**Assigned task:** In the listing below, find the line with "有意思的是,桐庐的二级代理申" and copy every line from there up to and including the line with "येथील १८ व्या", exactly and without pictures.

**Given records:**
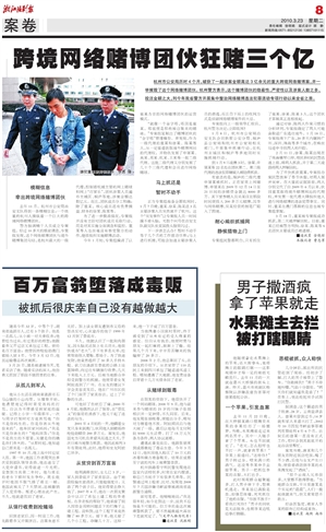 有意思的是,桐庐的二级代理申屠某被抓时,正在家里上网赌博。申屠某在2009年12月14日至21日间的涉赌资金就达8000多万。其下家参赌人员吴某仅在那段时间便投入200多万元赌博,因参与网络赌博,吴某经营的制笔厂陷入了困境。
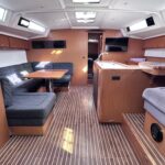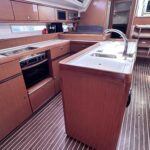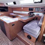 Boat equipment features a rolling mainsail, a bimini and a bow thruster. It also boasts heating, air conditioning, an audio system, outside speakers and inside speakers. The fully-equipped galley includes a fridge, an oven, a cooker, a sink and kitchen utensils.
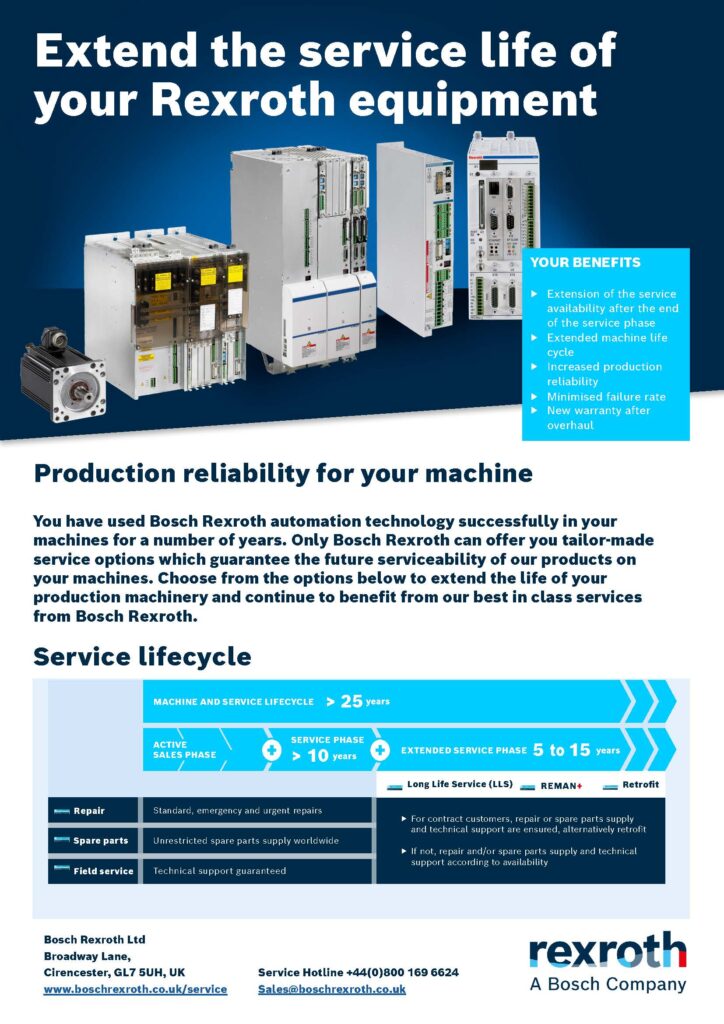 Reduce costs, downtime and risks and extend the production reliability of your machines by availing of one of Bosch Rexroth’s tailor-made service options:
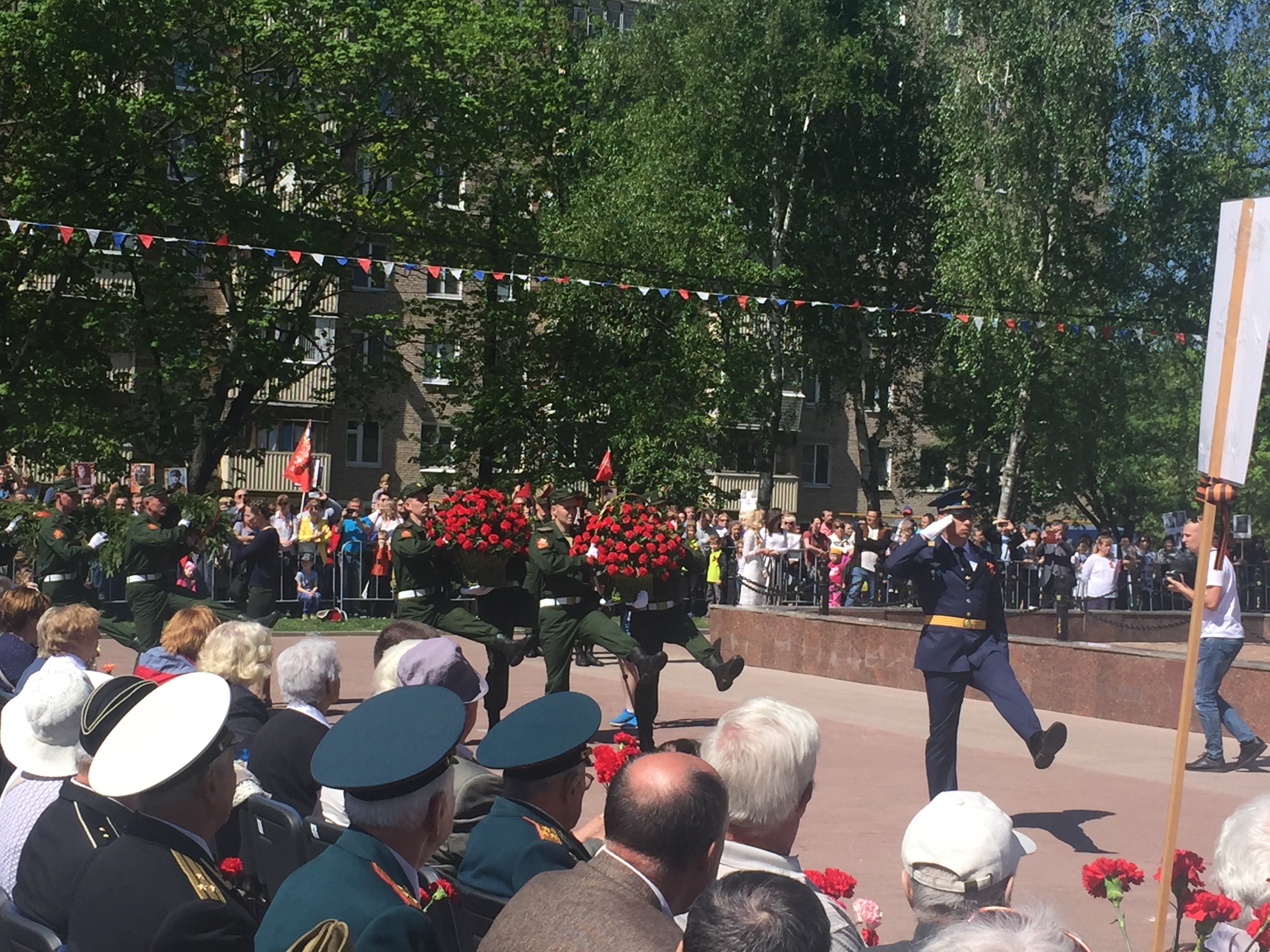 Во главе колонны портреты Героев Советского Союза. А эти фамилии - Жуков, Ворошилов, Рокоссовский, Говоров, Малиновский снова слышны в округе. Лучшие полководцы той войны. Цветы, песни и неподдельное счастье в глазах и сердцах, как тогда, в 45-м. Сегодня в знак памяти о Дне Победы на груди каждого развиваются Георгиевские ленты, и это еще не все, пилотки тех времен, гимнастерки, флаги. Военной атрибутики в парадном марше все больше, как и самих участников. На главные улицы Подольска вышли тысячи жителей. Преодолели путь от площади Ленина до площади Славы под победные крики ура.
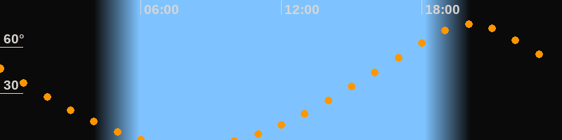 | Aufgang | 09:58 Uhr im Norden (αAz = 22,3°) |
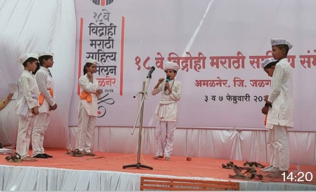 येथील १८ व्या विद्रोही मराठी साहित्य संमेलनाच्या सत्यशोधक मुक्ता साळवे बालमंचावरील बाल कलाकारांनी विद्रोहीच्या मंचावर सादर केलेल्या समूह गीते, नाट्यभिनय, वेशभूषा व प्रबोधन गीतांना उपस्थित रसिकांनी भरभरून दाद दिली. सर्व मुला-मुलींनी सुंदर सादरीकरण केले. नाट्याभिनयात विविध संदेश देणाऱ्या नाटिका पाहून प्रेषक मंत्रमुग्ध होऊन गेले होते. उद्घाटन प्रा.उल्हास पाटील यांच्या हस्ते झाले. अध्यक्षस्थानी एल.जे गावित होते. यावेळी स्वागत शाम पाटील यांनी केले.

---

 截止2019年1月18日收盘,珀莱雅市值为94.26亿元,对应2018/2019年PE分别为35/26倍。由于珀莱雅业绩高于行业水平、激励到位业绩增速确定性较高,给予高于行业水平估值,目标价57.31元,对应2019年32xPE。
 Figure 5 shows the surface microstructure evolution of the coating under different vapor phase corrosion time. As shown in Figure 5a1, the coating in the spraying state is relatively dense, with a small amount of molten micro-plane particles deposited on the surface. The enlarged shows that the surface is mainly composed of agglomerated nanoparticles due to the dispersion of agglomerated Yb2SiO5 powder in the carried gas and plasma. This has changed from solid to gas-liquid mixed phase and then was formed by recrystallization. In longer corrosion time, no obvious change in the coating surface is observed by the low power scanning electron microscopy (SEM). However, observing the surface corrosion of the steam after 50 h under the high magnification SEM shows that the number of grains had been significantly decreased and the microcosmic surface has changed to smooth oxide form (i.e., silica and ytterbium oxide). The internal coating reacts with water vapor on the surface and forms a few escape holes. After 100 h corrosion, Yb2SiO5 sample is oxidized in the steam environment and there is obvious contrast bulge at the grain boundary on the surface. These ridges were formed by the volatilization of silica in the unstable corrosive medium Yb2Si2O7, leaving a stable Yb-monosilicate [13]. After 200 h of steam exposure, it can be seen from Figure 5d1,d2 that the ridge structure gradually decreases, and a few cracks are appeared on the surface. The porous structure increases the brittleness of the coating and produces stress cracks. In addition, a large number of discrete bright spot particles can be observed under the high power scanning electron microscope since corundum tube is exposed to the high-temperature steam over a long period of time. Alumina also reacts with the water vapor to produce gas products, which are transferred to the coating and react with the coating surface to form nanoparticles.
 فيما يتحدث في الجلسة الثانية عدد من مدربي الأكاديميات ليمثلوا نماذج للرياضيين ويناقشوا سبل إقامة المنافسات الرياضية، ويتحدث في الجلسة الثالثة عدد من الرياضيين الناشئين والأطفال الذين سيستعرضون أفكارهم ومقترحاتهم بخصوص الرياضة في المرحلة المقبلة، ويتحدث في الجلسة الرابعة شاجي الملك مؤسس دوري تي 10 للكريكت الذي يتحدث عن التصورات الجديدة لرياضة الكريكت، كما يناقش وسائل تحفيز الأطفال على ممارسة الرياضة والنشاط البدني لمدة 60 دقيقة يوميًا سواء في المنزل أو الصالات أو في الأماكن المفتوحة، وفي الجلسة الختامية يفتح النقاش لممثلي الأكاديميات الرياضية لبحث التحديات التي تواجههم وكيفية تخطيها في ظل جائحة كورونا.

---

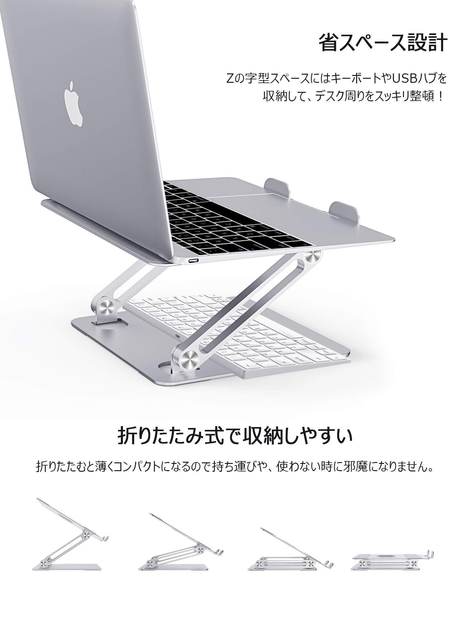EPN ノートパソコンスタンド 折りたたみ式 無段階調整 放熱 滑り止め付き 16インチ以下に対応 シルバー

**Answer box:**
 有意思的是,桐庐的二级代理申屠某被抓时,正在家里上网赌博。申屠某在2009年12月14日至21日间的涉赌资金就达8000多万。其下家参赌人员吴某仅在那段时间便投入200多万元赌博,因参与网络赌博,吴某经营的制笔厂陷入了困境。
 Boat equipment features a rolling mainsail, a bimini and a bow thruster. It also boasts heating, air conditioning, an audio system, outside speakers and inside speakers. The fully-equipped galley includes a fridge, an oven, a cooker, a sink and kitchen utensils.
 Reduce costs, downtime and risks and extend the production reliability of your machines by availing of one of Bosch Rexroth’s tailor-made service options:
 Во главе колонны портреты Героев Советского Союза. А эти фамилии - Жуков, Ворошилов, Рокоссовский, Говоров, Малиновский снова слышны в округе. Лучшие полководцы той войны. Цветы, песни и неподдельное счастье в глазах и сердцах, как тогда, в 45-м. Сегодня в знак памяти о Дне Победы на груди каждого развиваются Георгиевские ленты, и это еще не все, пилотки тех времен, гимнастерки, флаги. Военной атрибутики в парадном марше все больше, как и самих участников. На главные улицы Подольска вышли тысячи жителей. Преодолели путь от площади Ленина до площади Славы под победные крики ура.
 | Aufgang | 09:58 Uhr im Norden (αAz = 22,3°) |
 येथील १८ व्या विद्रोही मराठी साहित्य संमेलनाच्या सत्यशोधक मुक्ता साळवे बालमंचावरील बाल कलाकारांनी विद्रोहीच्या मंचावर सादर केलेल्या समूह गीते, नाट्यभिनय, वेशभूषा व प्रबोधन गीतांना उपस्थित रसिकांनी भरभरून दाद दिली. सर्व मुला-मुलींनी सुंदर सादरीकरण केले. नाट्याभिनयात विविध संदेश देणाऱ्या नाटिका पाहून प्रेषक मंत्रमुग्ध होऊन गेले होते. उद्घाटन प्रा.उल्हास पाटील यांच्या हस्ते झाले. अध्यक्षस्थानी एल.जे गावित होते. यावेळी स्वागत शाम पाटील यांनी केले.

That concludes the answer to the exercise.